The multi-layered (targeting both intradermal and subdermal layers) injection approach was safe and effectively treated ischial soft tissue atrophy without significant side effects such as infection or delayed swelling or lumps. After a significant period (6 to 12 months) of time, these multilayered injections of diluted CaHA tightened and remodeled atrophic ischial skin.
New collagen-III fibers were synthesized mainly near the CaHA repeatedly if CaHA-Ps existed, and in sequence, new collagen-I fibers were also synthesized around CaHA-Ps repeatedly like an onion pattern during a significant period (6 to 12 months).
CMC portion (which compose 70% of the volume of filler) of the filler was not found in this study, and this finding suggests that CMC is absorbed by macrophages or FGC within 1 month after the filler injection.

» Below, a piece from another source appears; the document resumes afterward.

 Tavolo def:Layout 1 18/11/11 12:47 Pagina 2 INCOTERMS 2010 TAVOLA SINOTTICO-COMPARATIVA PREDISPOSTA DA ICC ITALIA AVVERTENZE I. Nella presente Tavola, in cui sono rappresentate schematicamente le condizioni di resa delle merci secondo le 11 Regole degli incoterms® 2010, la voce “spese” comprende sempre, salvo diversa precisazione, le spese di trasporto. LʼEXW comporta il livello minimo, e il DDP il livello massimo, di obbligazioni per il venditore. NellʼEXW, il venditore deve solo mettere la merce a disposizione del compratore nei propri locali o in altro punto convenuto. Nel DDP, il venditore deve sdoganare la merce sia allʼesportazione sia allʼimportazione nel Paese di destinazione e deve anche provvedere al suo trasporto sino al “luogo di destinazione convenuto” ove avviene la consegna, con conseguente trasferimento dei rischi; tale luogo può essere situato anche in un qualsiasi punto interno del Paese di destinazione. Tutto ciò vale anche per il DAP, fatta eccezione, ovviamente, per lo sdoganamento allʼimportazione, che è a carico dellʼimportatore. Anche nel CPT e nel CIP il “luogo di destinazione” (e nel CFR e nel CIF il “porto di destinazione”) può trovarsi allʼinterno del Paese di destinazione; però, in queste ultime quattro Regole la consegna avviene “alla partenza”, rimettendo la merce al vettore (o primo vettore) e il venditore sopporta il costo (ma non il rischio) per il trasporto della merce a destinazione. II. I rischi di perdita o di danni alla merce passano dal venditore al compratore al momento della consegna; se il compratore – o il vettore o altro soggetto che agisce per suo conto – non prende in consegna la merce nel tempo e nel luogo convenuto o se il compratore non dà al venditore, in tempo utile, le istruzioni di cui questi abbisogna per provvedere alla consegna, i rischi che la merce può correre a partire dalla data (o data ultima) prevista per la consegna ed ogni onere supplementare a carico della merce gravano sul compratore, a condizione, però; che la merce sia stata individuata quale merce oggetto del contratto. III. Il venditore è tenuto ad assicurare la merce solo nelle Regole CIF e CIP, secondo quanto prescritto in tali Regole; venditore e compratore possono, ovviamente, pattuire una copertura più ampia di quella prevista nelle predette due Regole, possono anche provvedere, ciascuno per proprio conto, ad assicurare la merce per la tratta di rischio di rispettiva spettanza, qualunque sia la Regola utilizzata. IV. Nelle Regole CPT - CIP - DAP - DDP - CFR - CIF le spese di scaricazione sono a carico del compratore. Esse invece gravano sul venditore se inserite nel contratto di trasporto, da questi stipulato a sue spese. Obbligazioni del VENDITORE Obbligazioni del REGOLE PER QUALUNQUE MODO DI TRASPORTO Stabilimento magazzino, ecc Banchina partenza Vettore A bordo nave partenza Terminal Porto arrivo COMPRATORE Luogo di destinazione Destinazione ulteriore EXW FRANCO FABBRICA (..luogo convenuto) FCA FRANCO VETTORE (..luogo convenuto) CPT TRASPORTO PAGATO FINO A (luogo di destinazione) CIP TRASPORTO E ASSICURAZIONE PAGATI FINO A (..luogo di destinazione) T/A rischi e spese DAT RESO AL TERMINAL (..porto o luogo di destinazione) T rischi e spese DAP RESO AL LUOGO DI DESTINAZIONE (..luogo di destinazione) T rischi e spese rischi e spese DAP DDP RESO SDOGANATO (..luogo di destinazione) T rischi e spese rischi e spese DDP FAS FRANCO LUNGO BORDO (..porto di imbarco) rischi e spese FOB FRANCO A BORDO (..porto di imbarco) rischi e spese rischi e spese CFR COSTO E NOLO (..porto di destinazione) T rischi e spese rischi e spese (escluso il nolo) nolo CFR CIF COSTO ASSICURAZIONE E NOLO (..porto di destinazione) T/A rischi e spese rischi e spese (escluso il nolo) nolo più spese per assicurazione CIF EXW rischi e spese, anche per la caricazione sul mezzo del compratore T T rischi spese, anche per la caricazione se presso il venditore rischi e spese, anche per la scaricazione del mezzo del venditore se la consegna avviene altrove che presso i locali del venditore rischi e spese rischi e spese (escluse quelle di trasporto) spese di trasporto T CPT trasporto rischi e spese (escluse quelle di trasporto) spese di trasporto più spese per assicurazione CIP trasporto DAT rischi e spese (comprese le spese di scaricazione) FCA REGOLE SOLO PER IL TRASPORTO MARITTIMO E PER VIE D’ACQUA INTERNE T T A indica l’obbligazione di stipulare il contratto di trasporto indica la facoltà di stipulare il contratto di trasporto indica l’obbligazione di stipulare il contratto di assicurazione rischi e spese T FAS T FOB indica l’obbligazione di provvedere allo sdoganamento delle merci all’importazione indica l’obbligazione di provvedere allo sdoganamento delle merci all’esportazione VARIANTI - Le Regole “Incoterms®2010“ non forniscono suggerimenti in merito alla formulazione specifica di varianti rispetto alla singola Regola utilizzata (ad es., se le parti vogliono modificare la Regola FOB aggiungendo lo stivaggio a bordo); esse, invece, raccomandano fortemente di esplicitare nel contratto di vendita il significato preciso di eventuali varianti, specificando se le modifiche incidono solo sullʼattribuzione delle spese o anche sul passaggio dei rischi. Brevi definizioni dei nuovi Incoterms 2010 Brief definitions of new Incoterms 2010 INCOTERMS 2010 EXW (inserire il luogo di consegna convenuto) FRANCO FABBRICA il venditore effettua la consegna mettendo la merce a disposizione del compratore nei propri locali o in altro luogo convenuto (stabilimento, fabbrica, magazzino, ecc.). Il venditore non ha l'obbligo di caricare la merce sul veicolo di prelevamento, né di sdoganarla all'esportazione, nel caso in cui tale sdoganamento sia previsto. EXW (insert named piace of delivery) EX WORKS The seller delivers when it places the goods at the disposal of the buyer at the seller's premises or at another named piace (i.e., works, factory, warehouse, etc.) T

With the absorption of CMC portion, volumizing effect by filler also may decrease in some degree (about 50%) within 1 month after injection. Among the decreasing volume by absorption of CMC portion, a partial portion of volume may be filled by neocollagenesis but new collagen or new soft tissue could not replace the total volume of CMC portion. While with the absorption of CaHA portion, the entire volume is going to be replaced by new collagen tissues.
The author would like to thank Ms. Cho Mong-Ee for supporting all.
The author has no financial interest in any of the products, devices, or drugs mentioned in this manuscript. This is the author’s own study for medical science. The author reports no conflicts of interest in this work.